KalbarOnline.com – Borok dari rezim Presiden AS Donald Trump kembali terungkap. Media AS melaporkan bahwa salah satu kroninya berusaha untuk ikut campur tangan terkait laporan Covid-19 dari Centers for Disease Control and Prevention (CDC).
Michael Caputo, juru bicara Kementerian Kesehatan AS, merupakan sosok di balik intervensi tersebut. Melalui timnya, pria yang ditempatkan di Kemenkes sejak April lalu itu mulai mengirimi e-mail alias surat elektronik (surel) kepada kepada CDC.
- Baca juga: Hubungan Memanas, 92 Persen Perusahaan AS Ogah Hengkang dari Tiongkok
Mereka memprotes laporan yang ditulis peneliti Anne Schuchat dalam CDC Morbidity and Mortality Weekly Reports (MMWR). MMWR merupakan laporan mingguan dari lembaga tersebut yang disebar kepada semua penggiat medis setiap minggu.
’’Niat kami hanya memastikan bahwa hanya data yang terbukti secara sains yang boleh menjadi dasar kebijakan. Bukan upaya tersembunyi dari pemerintah bayangan di dalam CDC,’’ klaim Caputo seperti yang dilansir Politico.
Kantor berita itu berhasil mengecek beberapa pertukaran surel antara pejabat Kementerian Kesehatan dan CDC. Pada e-mail pertama, Caputo menuduh bahwa laporan Schuchat berusaha menjelek-jelekkan pemerintahan Trump, termasuk mengesankan tindakan penanggulangan Covid-19 di AS terlalu lambat.
Sejak itu, mereka meminta agar beberapa artikel dalam laporan tersebut bisa dicabut atau diralat. Mereka juga meminta agar semua laporan yang dimasukkan dalam MMWR bisa dievaluasi dulu sebelum dirilis. Ahli yang diberi tugas melakukan evaluasi adalah Paul Alexander.

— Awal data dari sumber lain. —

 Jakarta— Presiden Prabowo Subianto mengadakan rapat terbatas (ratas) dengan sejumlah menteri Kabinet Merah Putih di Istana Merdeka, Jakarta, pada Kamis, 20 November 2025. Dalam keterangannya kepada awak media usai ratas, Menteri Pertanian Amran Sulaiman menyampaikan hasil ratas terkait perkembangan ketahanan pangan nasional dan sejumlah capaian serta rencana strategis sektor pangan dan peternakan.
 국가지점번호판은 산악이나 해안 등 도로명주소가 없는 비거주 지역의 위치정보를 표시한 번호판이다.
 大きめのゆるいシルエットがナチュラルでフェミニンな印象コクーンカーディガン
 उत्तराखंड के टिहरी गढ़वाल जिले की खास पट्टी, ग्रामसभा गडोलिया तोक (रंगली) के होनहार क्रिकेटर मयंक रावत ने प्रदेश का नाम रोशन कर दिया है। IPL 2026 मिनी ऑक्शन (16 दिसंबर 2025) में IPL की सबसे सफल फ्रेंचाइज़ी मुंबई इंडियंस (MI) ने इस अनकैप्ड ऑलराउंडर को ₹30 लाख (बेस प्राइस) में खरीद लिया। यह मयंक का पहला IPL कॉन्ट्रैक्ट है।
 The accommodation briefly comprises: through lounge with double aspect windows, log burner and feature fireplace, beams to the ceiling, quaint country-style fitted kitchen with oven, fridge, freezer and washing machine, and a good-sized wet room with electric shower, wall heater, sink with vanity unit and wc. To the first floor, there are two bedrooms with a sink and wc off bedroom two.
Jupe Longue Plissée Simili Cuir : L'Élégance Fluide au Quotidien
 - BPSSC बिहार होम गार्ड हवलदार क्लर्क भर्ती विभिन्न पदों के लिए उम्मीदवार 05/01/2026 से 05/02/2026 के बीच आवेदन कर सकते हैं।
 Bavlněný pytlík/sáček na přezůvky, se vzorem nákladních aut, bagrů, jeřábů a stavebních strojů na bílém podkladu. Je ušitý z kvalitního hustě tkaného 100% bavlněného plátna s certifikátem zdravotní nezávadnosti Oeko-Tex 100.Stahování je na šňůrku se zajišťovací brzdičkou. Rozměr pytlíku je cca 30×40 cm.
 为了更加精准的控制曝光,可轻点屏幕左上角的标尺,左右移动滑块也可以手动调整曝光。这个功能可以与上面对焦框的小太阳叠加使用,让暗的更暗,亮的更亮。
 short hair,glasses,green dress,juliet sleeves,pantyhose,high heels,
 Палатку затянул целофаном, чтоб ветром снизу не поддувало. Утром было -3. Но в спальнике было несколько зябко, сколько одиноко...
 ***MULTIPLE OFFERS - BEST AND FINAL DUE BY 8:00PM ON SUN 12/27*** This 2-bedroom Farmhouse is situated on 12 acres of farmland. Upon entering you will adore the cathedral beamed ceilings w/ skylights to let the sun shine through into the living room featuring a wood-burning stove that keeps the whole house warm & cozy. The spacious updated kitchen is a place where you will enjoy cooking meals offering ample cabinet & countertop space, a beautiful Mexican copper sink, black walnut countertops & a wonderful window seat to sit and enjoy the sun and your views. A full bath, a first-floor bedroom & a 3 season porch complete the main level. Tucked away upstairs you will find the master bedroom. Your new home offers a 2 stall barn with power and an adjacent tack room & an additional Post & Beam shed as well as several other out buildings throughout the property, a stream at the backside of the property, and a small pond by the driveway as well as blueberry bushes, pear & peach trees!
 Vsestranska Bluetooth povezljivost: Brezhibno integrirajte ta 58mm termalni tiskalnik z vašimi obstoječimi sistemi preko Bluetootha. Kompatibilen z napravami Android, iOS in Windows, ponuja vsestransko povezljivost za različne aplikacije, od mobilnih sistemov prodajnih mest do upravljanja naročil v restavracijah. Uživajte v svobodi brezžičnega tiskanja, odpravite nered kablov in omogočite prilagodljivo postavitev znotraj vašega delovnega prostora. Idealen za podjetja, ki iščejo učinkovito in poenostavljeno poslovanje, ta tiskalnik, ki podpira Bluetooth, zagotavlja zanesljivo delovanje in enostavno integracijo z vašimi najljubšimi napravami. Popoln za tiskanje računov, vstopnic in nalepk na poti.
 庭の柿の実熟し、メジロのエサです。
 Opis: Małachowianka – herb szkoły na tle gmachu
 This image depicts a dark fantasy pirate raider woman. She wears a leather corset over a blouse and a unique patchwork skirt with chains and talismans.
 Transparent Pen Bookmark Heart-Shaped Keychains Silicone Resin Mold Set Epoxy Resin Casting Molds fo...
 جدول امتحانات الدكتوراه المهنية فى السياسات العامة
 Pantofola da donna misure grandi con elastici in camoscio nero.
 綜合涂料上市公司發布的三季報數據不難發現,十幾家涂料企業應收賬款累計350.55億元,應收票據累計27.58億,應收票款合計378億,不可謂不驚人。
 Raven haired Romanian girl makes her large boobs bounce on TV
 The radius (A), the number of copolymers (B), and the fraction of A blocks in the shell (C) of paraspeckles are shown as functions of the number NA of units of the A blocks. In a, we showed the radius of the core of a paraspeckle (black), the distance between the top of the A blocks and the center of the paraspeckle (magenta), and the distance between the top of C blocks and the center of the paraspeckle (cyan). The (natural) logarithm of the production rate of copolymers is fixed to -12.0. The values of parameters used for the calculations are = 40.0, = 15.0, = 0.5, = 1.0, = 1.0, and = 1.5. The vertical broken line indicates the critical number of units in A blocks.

’’Laporan harus terlebih dahulu dibaca orang di luar CDC seperti saya. Saya harus mengedit semua agar laporan itu bisa dijamin seimbang dan sempurna,’’ tulis Alexander dalam surel kepada Direktur CDC Robert Redfield dan pejabat lainnya.
Temuan tersebut benar-benar membuat pekerja medis resah. Selama ini, dunia kesehatan internasional merasa aman memercayai laporan CDC karena lembaga tersebut dianggap yang mendapat campur tangan politik paling minim.
Virus SARS-CoV-2 masih mengancam dunia. Di AS sendiri, angka kasus sudah mencapai 6,5 juta dengan 193 ribu kematian. Harapan satu-satunya adalah vaksin.
Beruntung, pengembangan beberapa vaksin masih berjalan. Akhir pekan lalu AstraZeneca, perusahaan yang mengembangkan vaksin dengan Oxford University, mengumumkan bakal melanjutkan pengembangan vaksin mereka.